There are numerous approaches that might work... but, over the years, Ashton Search Group has refined a technique that works consistently. It involves understanding how to best represent your skills, abilities and experience.

This tutorial is applicable at all levels.

Interviewers are all different, in terms of style, professionalism, approach and personality. Some interviewers go the extra mile to make you feel as comfortable as possible. On the other hand, some choose to turn up the pressure from the moment you introduce yourself... to determine whether you have confidence under fire.


Some managers assume an adversarial role during the interviewing process - to identify the uncommitted or squeamish, people with low self confidence - or individuals who will never be significant contributors on a standalone basis.

Be prepared for the deliberately adversarial interviewer.

Managers also put candidates on the spot to determine if they have personal convictions, can be easily intimidated, and to test their willingness to defend their past decisions. The manager wants to challenge you for more comprehensive responses, and be convinced you are the right person for his or her requirement. It is their interviewing persona.
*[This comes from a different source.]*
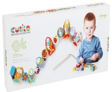 Zestaw składa się z 12 rybek i innych zwierzątek morskich, sznurka z ogranicznikiem na końcu i długą drewnianą igłą, 8 kart z zadaniami.
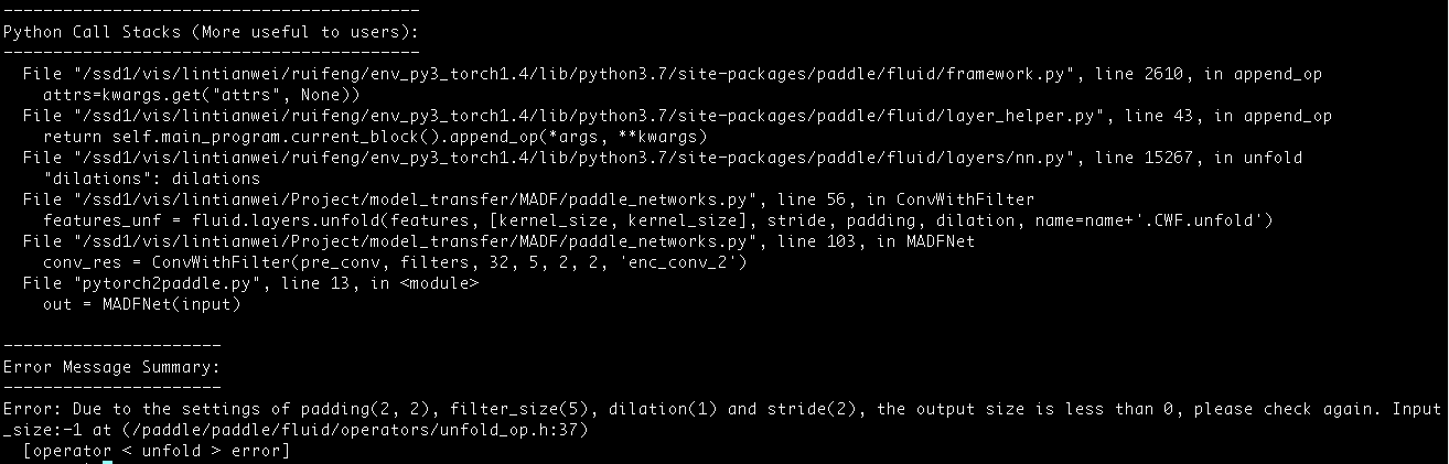 第二次调用unfold时,对应输入的shape为(-1, 16, -1, -1)报错。

The truth is that the outcome of most interviews is decided in the first five minutes. The interviewer is evaluating your personal presence. How you make eye contact, your articulation, looking for a nervous laugh, body language... and most critical, sizing up your personality (as he or she sees it). Project a professional, thoughtful, confident and enthusiastic image. Interviewers need to be won over.

The key element to successful interviewing is attitude. Ask any manager who the most valuable member of his or her team is, and they will never point to the superstar technical guru, but to the person who is competent, who has the "can do" attitude, who can always be counted on to deliver... and is ultimately successful in any situation.

Sitting down with a total stranger for a couple of hours (that has the authority to decide on your value to the company) makes the interview process a pressure vessel even for many experiencd engineers and managers. The following techniques will work well with any type of interviewer. It will relieve most of the pressure, because it provides the essential framework - just add your experience to the mix. It has three parts.

Before the Interview

Do your research. Find out everything you can about the company. Get the annual report, or technical articles. Search for general information about the company. Dig out articles written by (or about) members of the interviewing team. Search their site for product informatiion, to develop a better understanding of their portfolio.

Revise your resume. Customize your resume, directed toward their technology. Be ready to defend your resume. For example, "Were you the primary contributor for the X module you mentioned?" or "What is your leadership style with less experienced engineers?"

Interview nonverbals: direct eye contact, facial expressions, good posture and personal space (30-36 inches).

Display quiet confidence. Speak clearly. Don't use jargon - you want to sound articulate and professional. Humor is great if used carefully.


Your primary objective is to understand what they need from you.

Always take the time (at the beginning of the interview) to determine what is required for the position... before you explain your background.

This happens when he/she says "Tell me about yourself?" In order to be successful, you want to extract as much information as possible, and address issues they consider relevant and important. Respond with:

"Before I do that, please tell me about the area I would be working in, and what kind of person you need to successfully fill the requirement? Then I can focus on specific areas of interest, based on my own experience."

Memorize this - and be ready to use it. These two sentances can make or break the interview, in terms of understanding exactly what they need.

The interviewer will answer your question... and tell you everything you'll need to sell yourself. At this point, the key is to listen carefully and evaluate their response. It will allow you to make course corrections in your planned presentation, targeted precisely at what they want to discuss. It will also make the interview far more interesting for them.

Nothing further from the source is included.